Under aggressive urging by lead prosecutor Michael Vecchione during a pretrial conference, Judge Gustin Reichbach agreed to put the trial off until September 10 — a move that will allow Mr. Vecchione and a co-prosecutor to enjoy previously scheduled summer vacations.
Outside the courtroom, Mr. Vecchione and teammates Kevin Richardson and Monique Ferrell joked about the judge’s decision to slightly relax the former agent’s bail restrictions on weekends.
On a request by Mr. DeVecchio’s lawyer, Douglas Grover, Judge Reichbach had extended the exagent’s curfew on Friday and Saturday nights to 1 a.m. from 9 p.m.
“Now he can see ‘The Departed,’ ” one prosecutor cracked, referring to the Oscar-winning movie that is loosely based on the corruption of a veteran FBI agent by a Boston mob associate, according to an account by sharp-eared New York Post reporter Patrick Gallahue.
But what Mr. DeVecchio does with the additional four hours should be the least of the prosecution’s concerns in the 13-month-old indictment that charges the former agent with four murders between 1984 and 1992.
Judge Reichbach also voiced a growing impatience with prosecutors, making several major rulings against the DA’s office. Referring to an April 6 court filing that argued against a pretrial hearing in the case, the judge said “specious” was the “only word to describe” much of their reasoning in the brief. He termed one argument — that it was difficult for the DA’s office to secure testimony by federally protected witnesses — as “patent nonsense.”
In the toughest blow to the sensational case brought by the DA, Charles Hynes, Judge Reichbach severed the case of Mr. Devecchio’s lone co-defendant, John Sinagra, and scheduled his trial to precede the ex-agent’s. This will force prosecutors to use their key witness, Linda Schiro, three months before she takes the stand against the former G-man, enabling his lawyers to better prepare for her testimony.
Ms. Schiro is the former lover of Gregory Scarpa Sr., the late Colombo capo who was a longtime informer for Mr. DeVecchio. She claims to have taken part or overheard discussions between the men that tie the ex-agent to the four murders alleged in the indictment.

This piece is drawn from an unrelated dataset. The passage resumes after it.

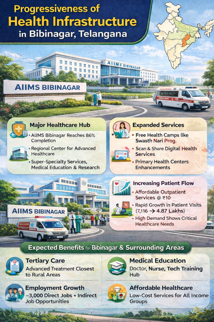 The health infrastructure in Bibinagar, Telangana is experiencing unprecedented transformation โ anchored by the AIIMS Bibinagar project and complemented by community health initiatives and modern digital services. From enhanced tertiary care and medical education to inclusive outreach programmes, Bibinagar is steadily becoming a regional health services hub that elevates both access and quality of care for people in Telangana and neighboring regions.

Ms. Schiro has also fingered Mr. Sinagra, a former relative by marriage, in one of the slayings — the 1990 murder of Patrick Porco, 18. Mr. Sinagra allegedly killed Porco, a buddy of her son, Joseph, after Mr. DeVecchio alerted Mr. Scarpa that Porco was about to cooperate with police and implicate the younger Scarpa in a murder. Mr. Sinagra’s trial begins June 11.
Judge Reichbach also scheduled a pretrial hearing to decide whether Mr. Sinagra’s case was tainted by a pre-indictment delay of more than 10 years and should be dismissed. The judge reversed an earlier ruling and set a hearing for May 16 after prosecutors disclosed that, contrary to prior assertions that Mr. Sinagra first became a suspect in late 2005, the DA’s office had learned of his alleged involvement in Porco’s slaying in 1995.
Prosecutors scored one win when Judge Reichbach agreed that a full-blown hearing was not required on defense charges that the Brooklyn DA’s office had improperly obtained its indictment by using testimony for which Mr. DeVecchio had received immunity, until after his trial.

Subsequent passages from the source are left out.